Che il Papa visiti il Libano con un occhio alla Siria è evidente. Sul campo Benedetto XVI cercherà il massimo dell’imparzialità anche per volare più alto dell’appoggio di alcuni leader religiosi cristiani al regime. “Egli viene per dare un indirizzo ai cristiani, che sono divisi sulla politica e sul da fare nella gravissima crisi siriana” ha detto recentemente padre Samir Khalil Samir, gesuita, esperto di islam e professore a Beirut. Anche per Samir una parte delle comunità cristiane siriane, in particolare le loro gerarchie, “preferiscono il regime non democratico, assolutista di Assad, perché sembra garantire sicurezza e una larga libertà religiosa”. Ma oltre le gerarchie, oltre la classe di popolo più agiata, c’è la base. Dice Samir: “Chi cerca un po’ di giustizia e democrazia non può essere con il governo, soprattutto, chi in politica la pensa diversamente dal governo non può esprimersi a rischio di prigione e torture”.
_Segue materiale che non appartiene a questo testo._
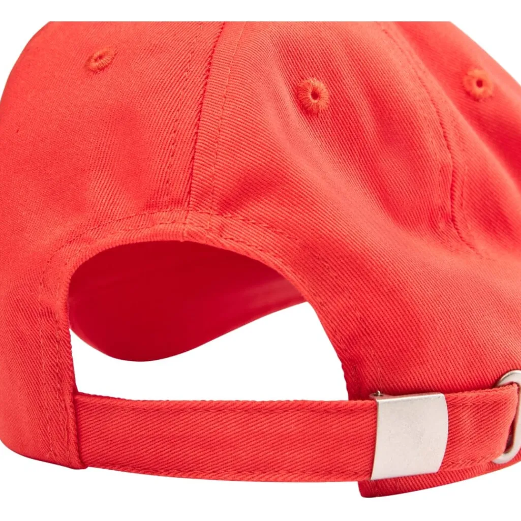 Græskarorange kasket fra H2O med broderet logo på fronten. Kasketten har ventilationshuller i toppen og en justerbar metalspænde i nakken.

Il Papa cercherà di mantenere una linea equilibrata. Ma senz’altro spenderà parole per i cristiani. E per la popolazione che soffre la repressione del regime. Il viaggio del Papa è anche un invito alla comunità internazionale perché agisca. Recentemente è stato il portavoce vaticano, padre Federico Lombardi, a spiegare che “la Santa Sede esorta le parti interessate” ma anche “tutta la comunità internazionale a non risparmiare alcuno sforzo per risolvere la crisi attraverso il dialogo e la riconciliazione”. Parole rilanciate anche dal nunzio apostolico a Damasco, monsignor Mario Zenari, che parlando alla Radio Vaticana ha detto che “bisogna tenere in vita a tutti i costi il piano di Kofi Annan perché altrimenti non si riesce a vedere un’alternativa”. Ha ricordato in merito padre Dall’Oglio: “Ci aggrappiamo a questa iniziativa Onu come naufraghi a una zattera. Qui si prova forse per la prima volta ad interrompere un ciclo violento di guerra civile con la non violenza”.